These are ANIMALS. If we establish a food chain in our back yard, ocassionally animals WILL act on their impulses and a predator will pick off a prey. It is unfair and unreasonable to kill any predator who acts on instinct and takes prey down.
HUMANS prey on the weak and defenseless for sport too!! It is a multi million dollar industry. We have NO reason to go out into the woods and try our level darndest to outsmart wildlife just so we can shoot them and hang their dead carcass on the wall, BUT WE DO IT.
I don't care if a dog has been bred for generations to be a "stock dog." IT'S A DOG. It was a predator for thousands of years before it was a Labrador or a Blue Heeler.

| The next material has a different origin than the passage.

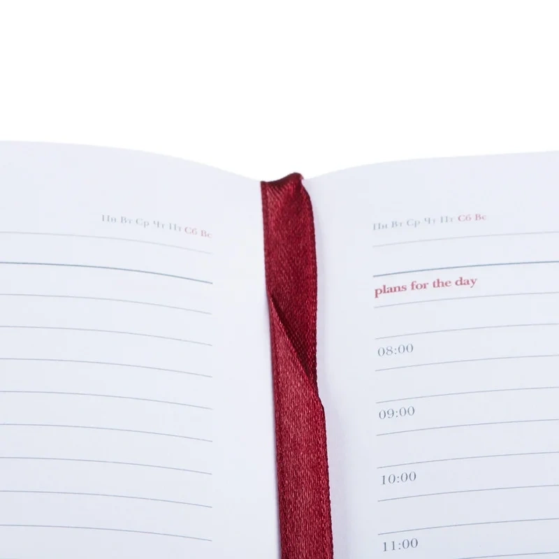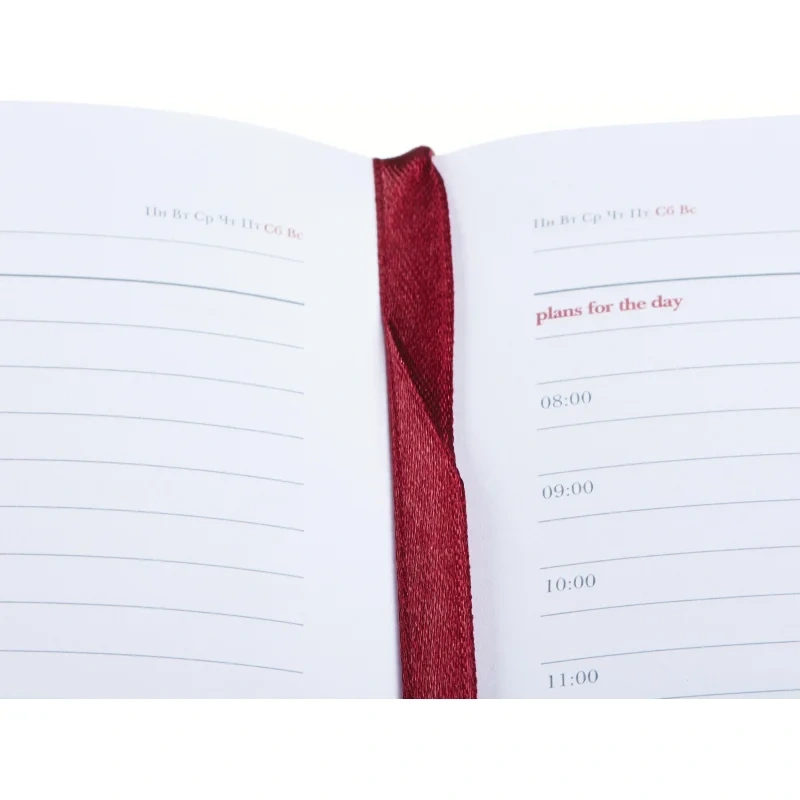 Внутренний блок состоит из 136 листов белой офсетной бумаги плотностью 90 г/кв.м. Листы разлинованы в линейку. Ежедневник дополнен золотистым обрезом и бордовым ляссе, что придаёт изделию дополнительный шарм. Размер блокнота — A5 (145×205 мм), он имеет удобную вертикальную ориентацию и скруглённые углы. Печать блока выполнена в два цвета, что придаёт дополнительную эстетику.

I caught my dog in the act of attacking a cat, and I knocked him down on his back and pinned him to the ground by his throat and made him think I was going to murder him right on the spot. He totally got the message, and has NEVER pounced on another animal since. That was 3 years ago. The cats now rub all over him, and lay between his legs. He gives the chickens a wide berth and doesn't even offer to look in their direction.
Would I turn him loose in the barnyard with a flock of chickens and kittens, and trust him for 3 days with no supervision? NO. But his little come to jesus meeting made him believe that the alpha dog on this farm would skin him alive if he dared harm another animal.
It amazes me that want to kill an animal (even a family pet or working farm dog) for acting on their instinct, but if a kid does something stupid, we slap it on the wrist and tell it to go to its room. Why not shoot the kid and throw them out with the trash for screwing up?! SARCASM here, but you see what I mean.
Violence does not fix anything. Protect your chickens, take reasonable steps to reform the dog, or keep him locked up. But death is not the answer to all of life's problems. You kill one dog, and next thing you know there is a skunk chewing heads off. When you have chickens, that kind of crap just happens unfortunately.
Yes certainly if a dog is a persistant problem, the owners refuse to control it, it is a multi-time offender, this problem is ruining your life and costing you major losses, then you may need to dispatch. At that point, the dog is probably beyond reform, and he's got to be miserable running the streets anyway. But a randon, one-time event, no.